Surveillance
Au château d'Anet, j'avais aussi photographié cette étrange inscription, enroulée comme une paupière autour de l'"oeil" de la chapelle-cénotaphe de la déesse du lieu :
SURVEILLANCE.
Elle me serait restée incompréhensible, si je n'avais pas lu, dans une note du livre d'Ivan Cloulas sur Diane de Poitiers, qu'en 1793 le château mis sous séquestre avait été constellé, ainsi qu'un grand ciel de théâtre nouvellement repeint, d'inscriptions à l'or fin qui criaient aux passants : GUERRE AUX TYRANS, SURVEILLANCE PUBLIQUE !
Un peu plus tôt, à Ivry, sur le chevet de l'église, d'autres inscriptions révolutionnaires inattendues avaient déjà attiré mon attention :
J'ai toujours cru - et ce n'est pas Joël Pommerat qui me contredira - que notre monde moderne tenait tout entier dans le grand théâtre de la révolution française.
Tout entier.
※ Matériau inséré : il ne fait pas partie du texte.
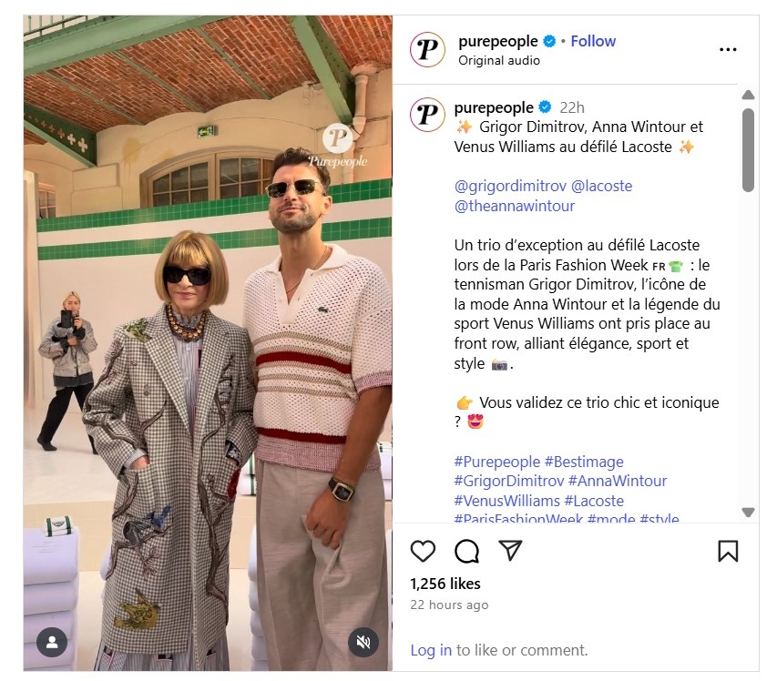Бившият №3 в света влезе в ролята на манекен на Lacoste и прикова вниманието на фотографите с визията си. Той се появи в компанията на две свои много добри приятелки - бившия главен редактор на Vogue Анна Уинтур и на легендата в тениса Винъс Уилямс, която също е лице на френския моден бранд.

Avec sa passion de la raison et sa manie de surveillance. Avec sa violence hideuse et sa générosité inouïe. Avec ses tribunes philanthropiques et ses tribunaux sans innocents. Avec sa certitude que les mots sont des armes et que les armes ne sont que des mots comme les autres.
Libertaire et totalitaire. Egalitariste et fraternel. Insolent et inquisiteur. Tout entier là, lové comme un serpent magnifique et terrible dans ces quelques années de la fin du XVIIIème siècle, si brèves et si intenses, qui nous regardent encore de leur oeil grand ouvert, pour le meilleur du pire, et le pire du meilleur - des mondes.